Many non-BJP leaders had been seen at many of the silent morchas, walking behind people they would otherwise have led – a strange spectacle indeed – does eloquently express their support for the cause. Now the Congress has demanded a special session of the legislature on this matter, and NCP has said that together, all quotas could go as high as 70 percent.
The sudden burst of violence, so intense that despite the bandh being called off at 3 pm, the violence did persist till the evening should imply two possibilities. One, after the long break from mobilisation, the agitators’ communication network has broken down, and two, the likely covert but different involvement of political parties in stoking the fire.
That the elections are just around the corner, that the Shiv Sena, despite abstaining from the no-trust debate and vote in Lok Sabha continues to be a serious thorn in the flesh, that the other political parties are unsure of the BJP-Sena relationship’s existence or even contours for the next year’s poll does raise suspicion that street level politics has been brought to life.

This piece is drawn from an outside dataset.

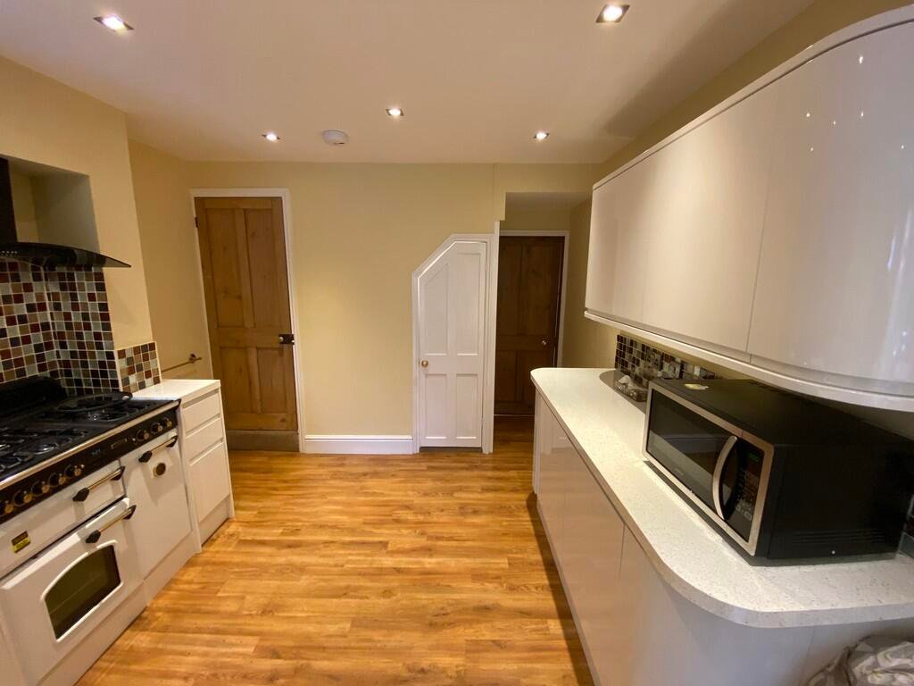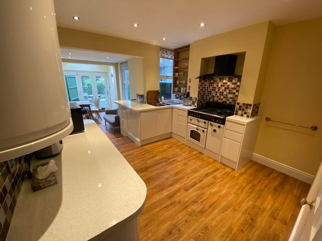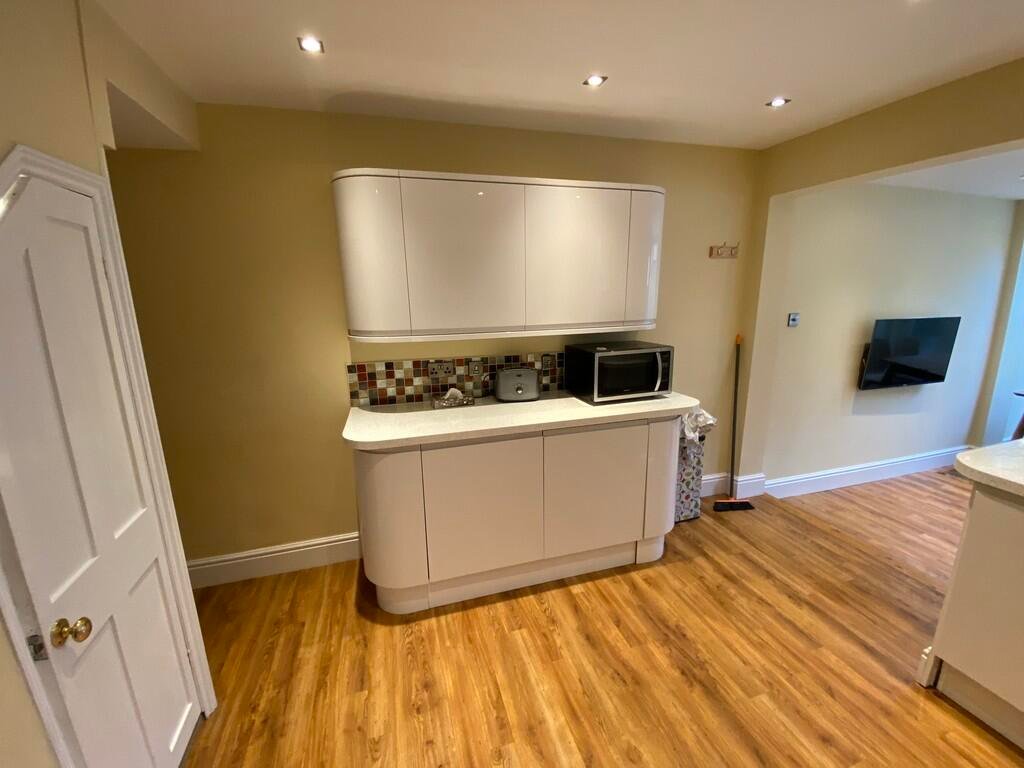 KITCHEN A luxuriously appointed kitchen with generous range of soft close handle less storage cupboards and drawers to base and eye level, working surfaces with attractive tiling to splashbacks and inset one and a half bowl single drainer sink unit with mixer tap, rounded storage cabinets, Leisure dual fuel cooking range, mosaic tiles to splashbacks, built-in and concealed automatic washing machine, built-in and concealed dishwasher, built-in and concealed refrigerator and freezer, microwave, kettle. Kitchen comes fully furnished with pots, pans, cutlery, crockery etc. Under-stairs cupboard.Â

Fadnavis has his task cut out. Whatever he does would either be brave or foolhardy, depending on the impact it has on the 2019 elections. He does not seem to have much room, and that elders like Sharad Pawar who do have influence among the Marathas – Pawar is not limited to Marathas – aren’t helping. They are not even thinking of mediating to sort out a sticky problem, because, at the end of the day, all of them play politics.